PF abre inquérito para apurar pagamento a influenciadores por ataques ao BC e defesa ao Banco Master

A Polícia Federal (PF) anunciou a abertura de um inquérito para apurar denúncias de pagamento a influenciadores digitais que teriam sido contratados para produzir conteúdos com ataques ao Banco Central (BC) e defender os interesses do Banco Master, instituição que foi alvo de liquidação extrajudicial. A investigação visa identificar eventuais irregularidades e verificar se houve crime de manipulação de informação ou financiamento ilegal de campanhas de desinformação.

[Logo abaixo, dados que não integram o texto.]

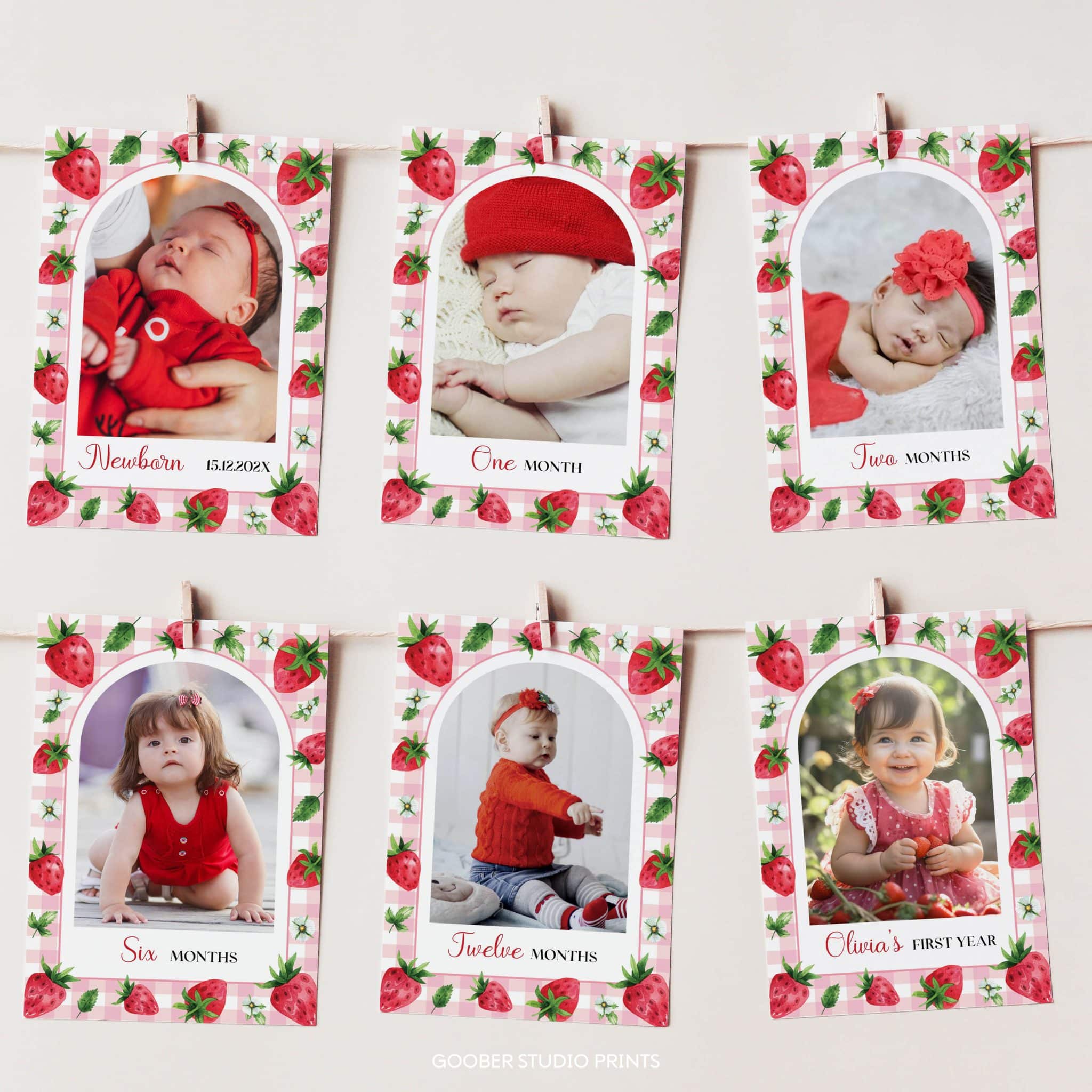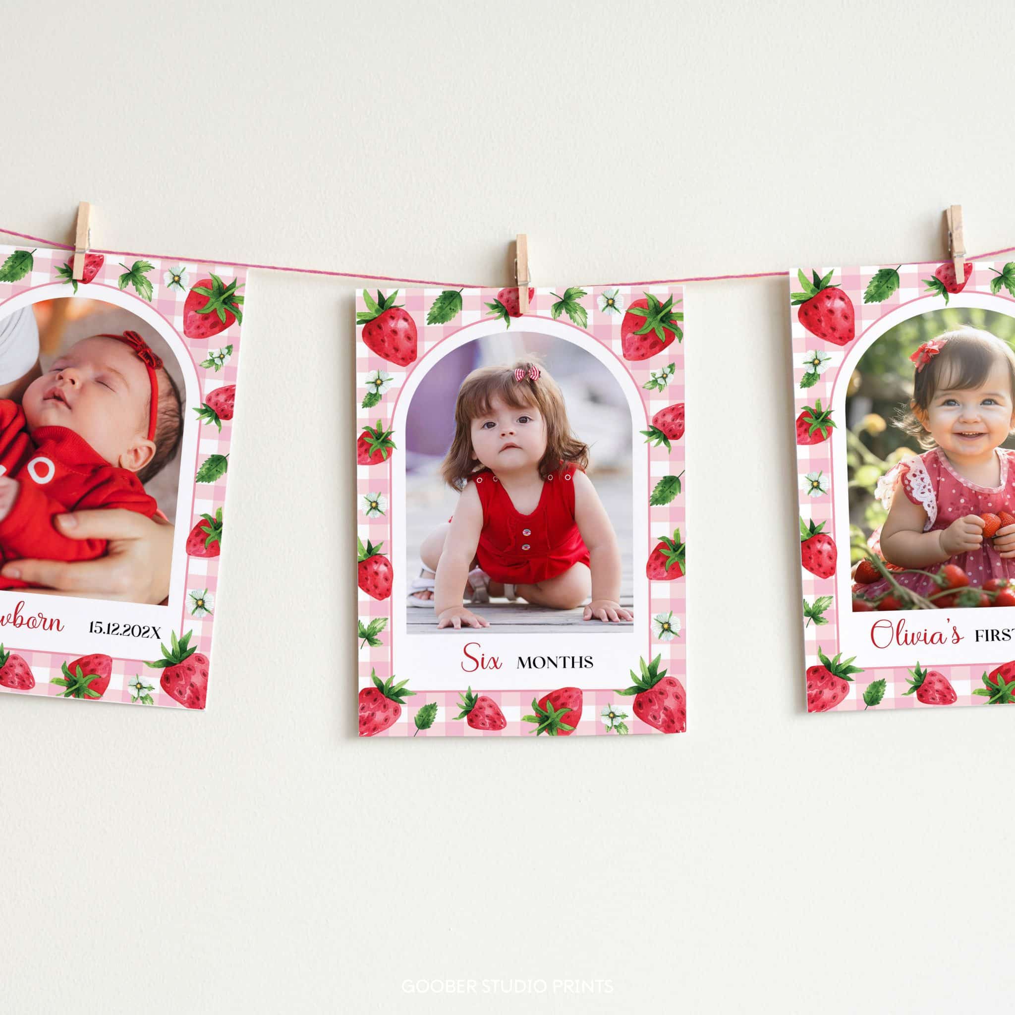 Celebrate your little one’s berry sweet first year with our adorable strawberry-themed photo banner! Featuring charming strawberry illustrations, and gingham pattern, this banner includes space for 12 monthly photos, your baby girl’s name, and age. Easily customizable and printable at home on standard 5×7 inch paper, it’s perfect for displaying at a strawberry-themed girl birthday celebration or as a cherished keepsake in her room!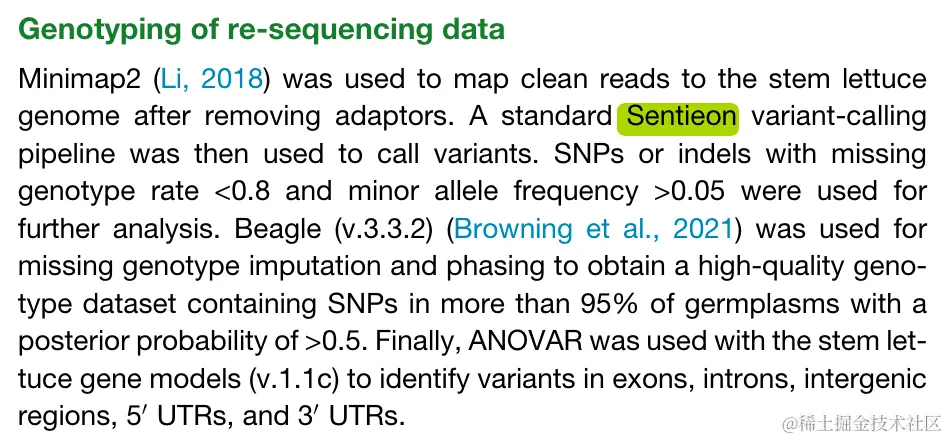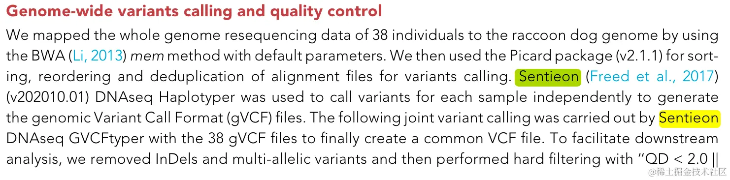 在该研究中,研究者使用Sentieon软件进行胚系变异检测。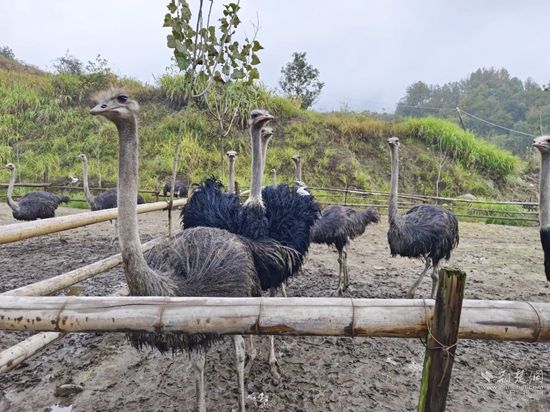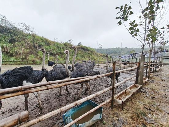 2020年春節(jié)期間,劉富高返鄉(xiāng)創(chuàng)業(yè)承包了組里多年的荒山,修通了簡易路,搭建了宿舍,做起了圍欄。首先從廣東購回了60只小鴕鳥試養(yǎng),在精心的喂養(yǎng)中成活率達(dá)到了98%。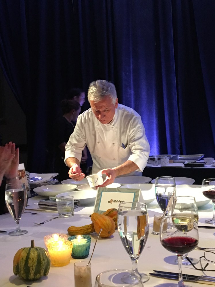 The Breath of Life Gala is the most distinguished of all the CF events. It is the sort of fancy event that Danny and I would not normally attend, making the experience really exciting. We donned our best apparel and soaked up the beauty of an evening out under the starry night sky of DC. This year the dinner was hosted by a variety of different chefs who were assigned a table to not only cook their best cuisine for, but to also actually describe the process to the seated guests. Our chef was so incredibly generous and great at this role. He has participated in this event for several years and even provided gift cards to each of us at the table to come dine in his restaurant.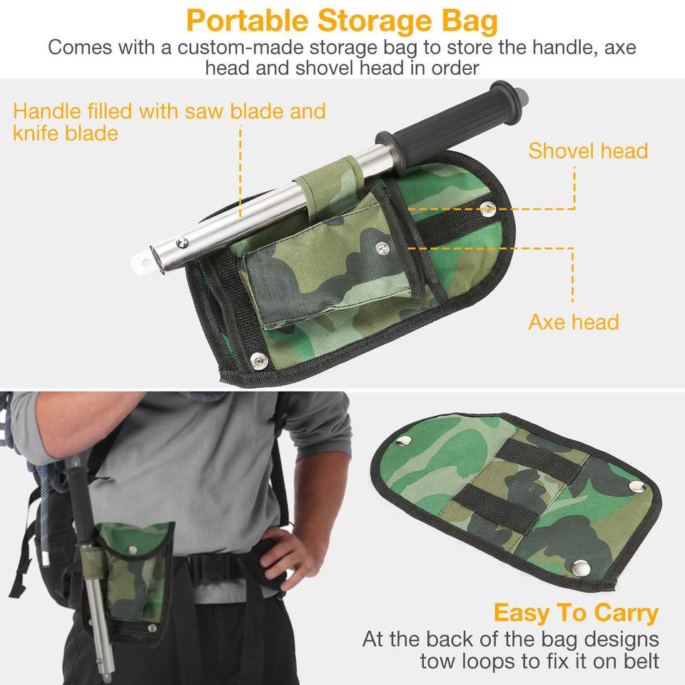Kit di Sopravvivenza Multiuso 6-in-1 per Campeggio con Custodia, Include Pala, Coltello, Ascia, Sega e Estrattore per Chiodi per l'Avventura

A ação investigativa ocorre após relatos e denúncias de que influenciadores receberam propostas para divulgar vídeos e postagens nas redes sociais com uma narrativa favorável ao Banco Master e contrária às medidas adotadas pelo BC, com o objetivo de alterar a percepção pública sobre o caso. A Polícia Federal quer apurar a origem dos recursos, a forma de pagamento e os termos dos contratos feitos com essas pessoas.

O foco da investigação

O inquérito terá como foco principal entender se a contratação dos influenciadores configurou crime, como propaganda enganosa, difamação qualificada, financiamento irregular de campanha ou mesmo organização criminosa, dependendo das evidências coletadas. A PF analisará fatores como contratos, transferência de valores, comunicação e conteúdo publicado nas plataformas digitais.


Entre os pontos que serão investigados está a existência de cláusulas que determinavam a publicação de conteúdos com ataques explícitos ao Banco Central, fato que pode caracterizar utilização indevida de recursos para influenciar a opinião pública de maneira deliberada e coordenada.

Contexto político e repercussão

A investigação surge em um contexto de grande repercussão sobre o caso Banco Master, que gerou intenso debate no meio político, jurídico e econômico. A atuação do BC na liquidação da instituição financeira foi objeto de crítica por diversos segmentos, e a descoberta de possíveis campanhas pagas nas redes sociais intensificou o debate sobre ética digital, transparência e limites da influência online.

Autoridades e especialistas em direito digital ressaltam que a investigação da PF pode ter impacto importante para coibir práticas irregulares de financiamento de conteúdos que visem manipular interpretação de fatos econômicos ou regulatórios.

Próximos passos da PF

A Polícia Federal deve ouvir influenciadores, intermediários e eventuais contratantes, além de requisitar documentos e extratos bancários que ajudem a mapear o fluxo de recursos. A investigação deverá ser concluída com um relatório que pode apontar indícios de crime e embasar ações judiciais, caso irregularidades sejam confirmadas.